Changes in the epigenome drive an abnormal transcription program, which promotes the occurrence and development of cancer [33]. Epigenetic changes, such as promoter hypermethylation, may lead to cancer through the inactivation of tumor suppressor genes [34]. While epigenetic changes are associated with the occurrence and development of cancer, tumor-related epigenomic changes are not the main carcinogenic factors [35]. Hypermethylation of GABRA2, ZNF257, and SLC5A8 is associated with their decreased expression [36]. In our study, a weak correlation was observed between the selected methylation sites and the relevant immune cell infiltration. This suggests a link between methylation levels and immune cell infiltration. In colorectal cancer, DNA methyltransferase DNMT3A was found to be associated with infiltration of six major immune cells [37]. One study revealed that NEFM DNA methylation was moderately to strongly negatively associated with infiltration levels of B cells, CD8 + T cells, CD4 + T cells, macrophages, neutrophils, and dendritic cells [34]. This suggests that there may be a relationship between gene methylation and the infiltration of immune cells. The degree of methylation can be used for clinical classification of bladder cancer, and each subtype has different immune scores and survival differences [38]. In our methylation sequencing, we found that the degree of methylation in most samples of the cancer group was higher than that in normal controls. Persistent epigenetic changes caused by hypermethylation or hypomethylation can be used as effective biomarkers for cancer diagnosis and treatment [26]. Thus, the prospects for drugs that target epigenetic factors are very promising [28].

Limitations

In future studies, a large number of CRC samples should be collected to verify the diagnostic performance of the above-mentioned methylation loci.
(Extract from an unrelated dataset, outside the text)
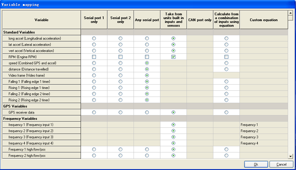 This is similar to the above scenario, most commonly with the RPM channel when it can come either from a serial adapter or from the internal sensor. In this case it is usual to have the RPM from the internal sensor as it will give a faster update rate and better response. So the RPM must be unticked for Any serial port.

Patient compliance and the number of case specimens collected also limited the progress of this diagnostic test. By optimizing the screening of methylation markers, more of these may be identified as candidates for the diagnosis and treatment of CRC in the future.
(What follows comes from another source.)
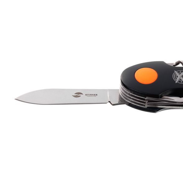 Нож перочинный Stinger 95 мм, 15 функций, черный/оранжевый, в блистере
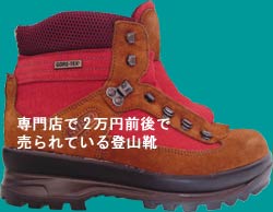 この低価格な靴は、アップダウンの無い林道や、木道などを歩くには良い靴ですが、登山道や岩場がある縦走路を歩くには、役不足。時として危険を伴うスポーツですから、万全の装備で歩きたいものです。 北アルプスなど、岩場の危険が多い稜線で、このタイプの靴を履いて歩いている方(特に初心者の方に多い)を見かけます。 『たかが山登り、靴なんてこんなもんでいいや』という感じで購入されたのだと思います。山登りを安全に永く続けたい方は、装備選びには正しい知識をもって選ぶ必要があります。まだ初心者でご自身では判断ができない場合は、ベテランの先輩か、信頼のある登山の専門店に相談してください。 靴の構造や、材質は見た目にはわかりにくいものですが、登山靴を購入される場合は、『登山靴』と『登山靴風』があることをご注意下さい。 かなしいかな専門店でも最近『売れるから』?という理由で低価格の靴を置いているお店があります。旧モデルなど値引きしている物は別として、低価格な靴には、必ず安い理由があります。その靴を使うことにより『関節を痛めたり』『滑って転んで怪我をした』のではかえって高くつきます。何よりも歩きづらいと山登りが楽しくありません。 登山靴は、最低でも2万円以上の登山靴をおすすめします。 | |

Owing to the lack of precancerous lesion data in TCGA database, we were temporarily unable to perform the classification of adenoma and CRC; the establishment of a machine learning model to effectively distinguish precancerous lesions from CRC is of great interest. Moreover, independent methylation validation datasets for rectal cancer are lacking in this paper, and it is expected that appropriate datasets will be used for further validation.

Conclusions

Hypermethylation sites were distributed at different frequencies in chromosomes. The hypermethylated genes are primarily enriched in pathways involved in axon and neural development. In the biopsy tissue samples, selected hypermethylated sites could effectively diagnose CRC, and the accuracy of the NaiveBayes model in CRC diagnosis was outstanding. Hypermethylation of cg02604524, cg07628404, and cg27364741 and advanced tumor stage were associated with poor survival outcomes; however, not all hypermethylated genes were associated with reduced gene expression. Hypermethylation of genes may be an incidental event in genetic variation. Three methylation sites were weakly correlated with individual immune cell infiltration. Hypermethylation sites may be a treasure chest for the development of future diagnostic markers for colorectal cancer.

Data Availability

All the data were downloaded from TCGA (https://portal.gdc.cancer.gov/) and GEO websites (https://www.ncbi.nlm.nih.gov/geo/query/acc.cgi?acc=GSE131013), as well as from the Supplementary Materials.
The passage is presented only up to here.